- **YOUR ASSIGNMENT**
Make an exact copy of every entry below, with the pictures left out.

- **Extracted data entries**
%%

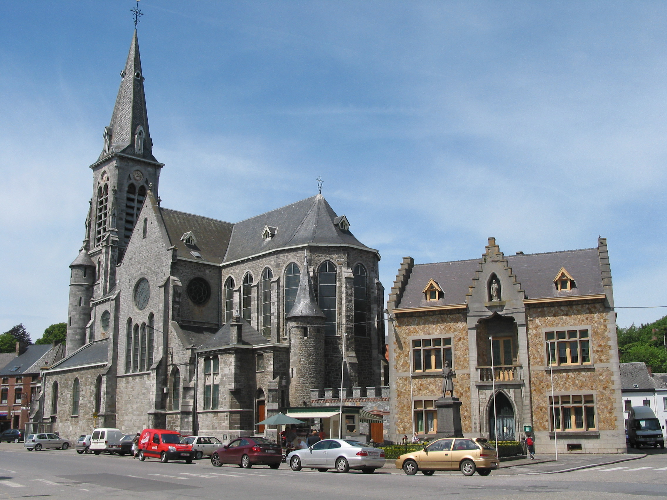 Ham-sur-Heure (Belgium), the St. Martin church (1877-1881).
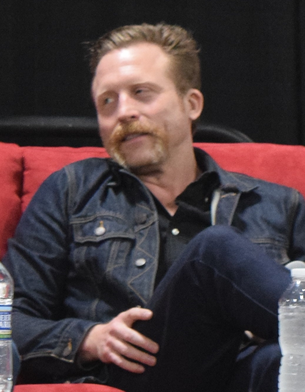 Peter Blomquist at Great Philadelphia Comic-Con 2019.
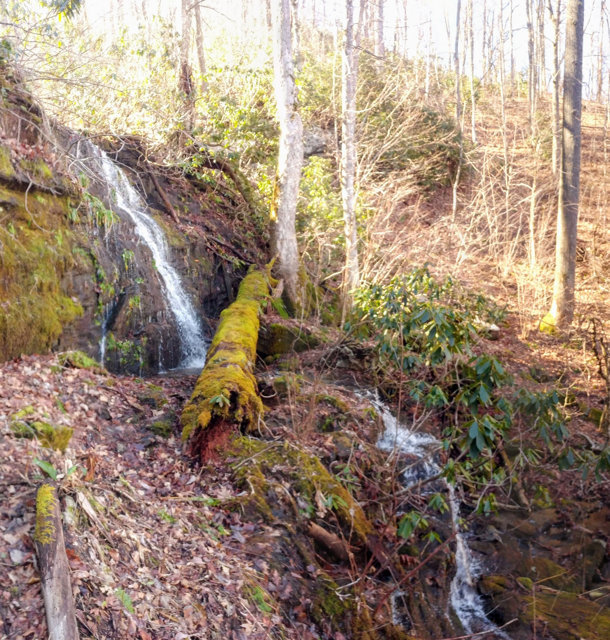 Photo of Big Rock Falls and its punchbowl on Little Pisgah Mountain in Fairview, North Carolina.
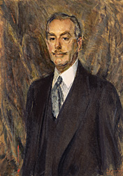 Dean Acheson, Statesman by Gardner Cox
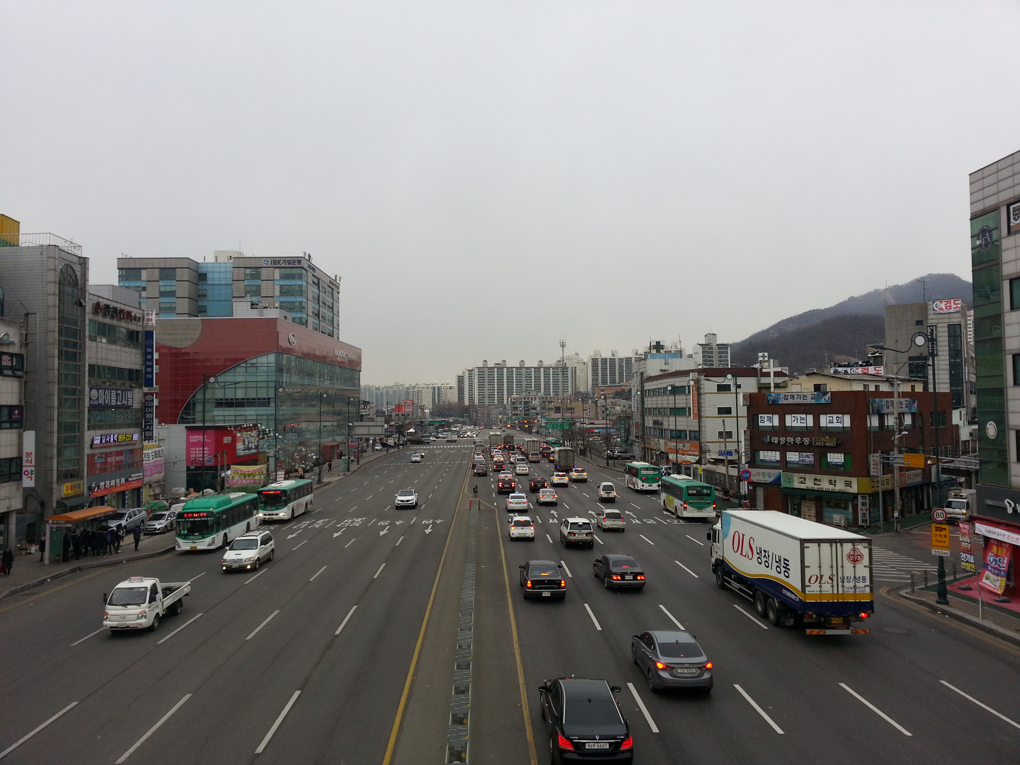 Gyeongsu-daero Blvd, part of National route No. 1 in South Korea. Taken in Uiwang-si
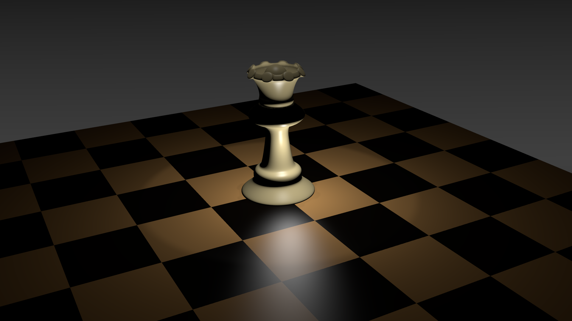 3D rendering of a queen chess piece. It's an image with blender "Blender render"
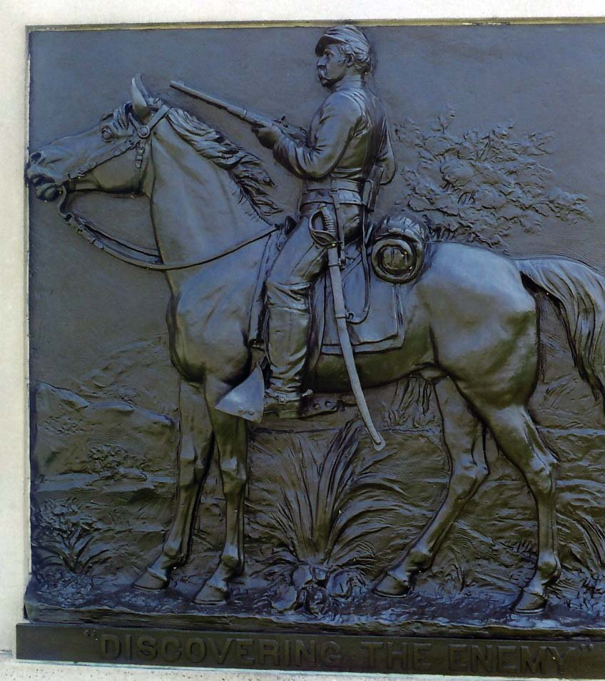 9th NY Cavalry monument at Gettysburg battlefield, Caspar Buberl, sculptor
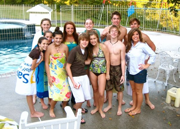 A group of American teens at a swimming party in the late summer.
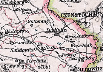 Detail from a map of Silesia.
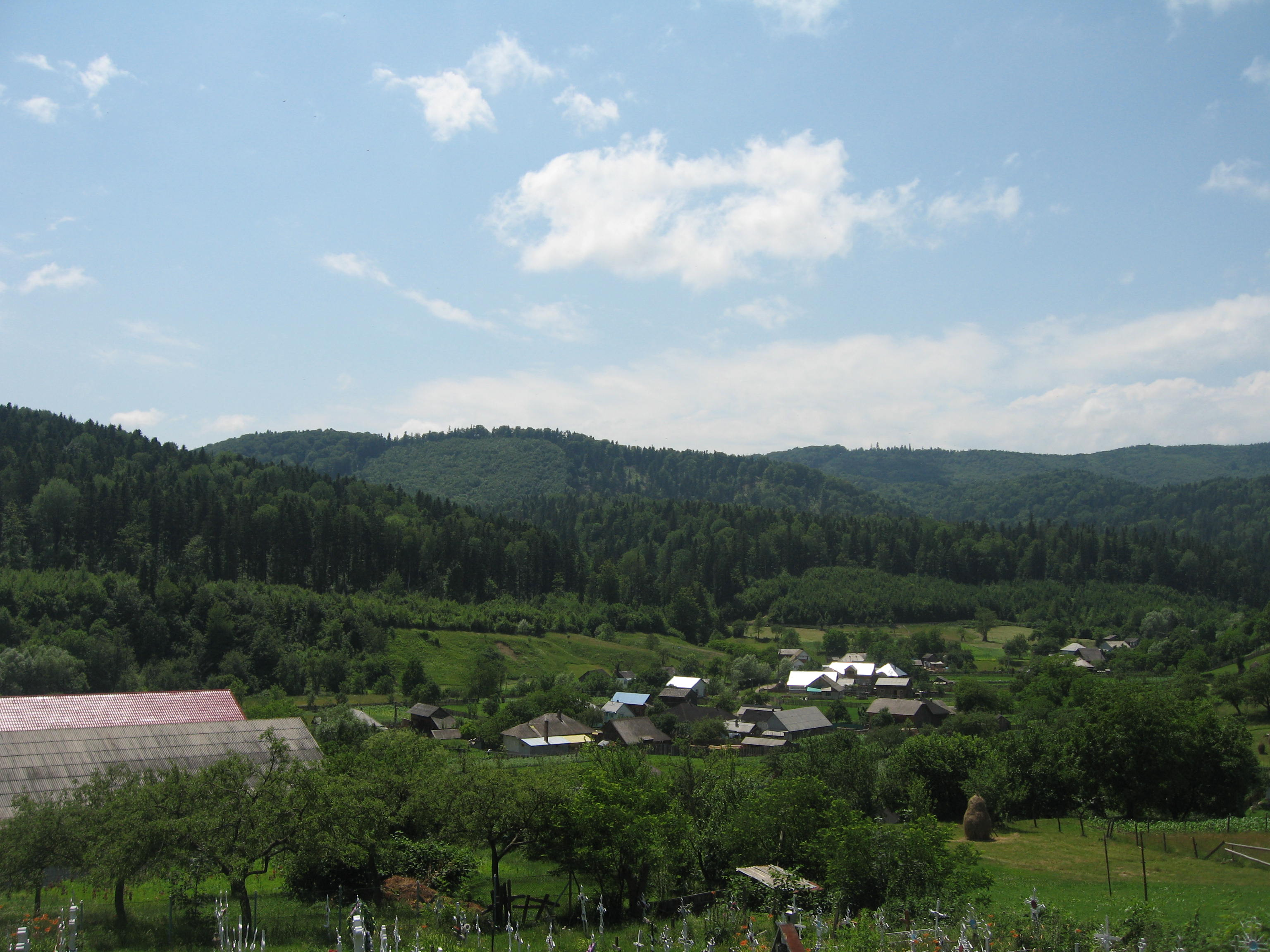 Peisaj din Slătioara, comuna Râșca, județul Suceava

%%

- **EXERCISE SOLUTION**
 Ham-sur-Heure (Belgium), the St. Martin church (1877-1881).
 Peter Blomquist at Great Philadelphia Comic-Con 2019.
 Photo of Big Rock Falls and its punchbowl on Little Pisgah Mountain in Fairview, North Carolina.
 Dean Acheson, Statesman by Gardner Cox
 Gyeongsu-daero Blvd, part of National route No. 1 in South Korea. Taken in Uiwang-si
 3D rendering of a queen chess piece. It's an image with blender "Blender render"
 9th NY Cavalry monument at Gettysburg battlefield, Caspar Buberl, sculptor
 A group of American teens at a swimming party in the late summer.
 Detail from a map of Silesia.
 Peisaj din Slătioara, comuna Râșca, județul Suceava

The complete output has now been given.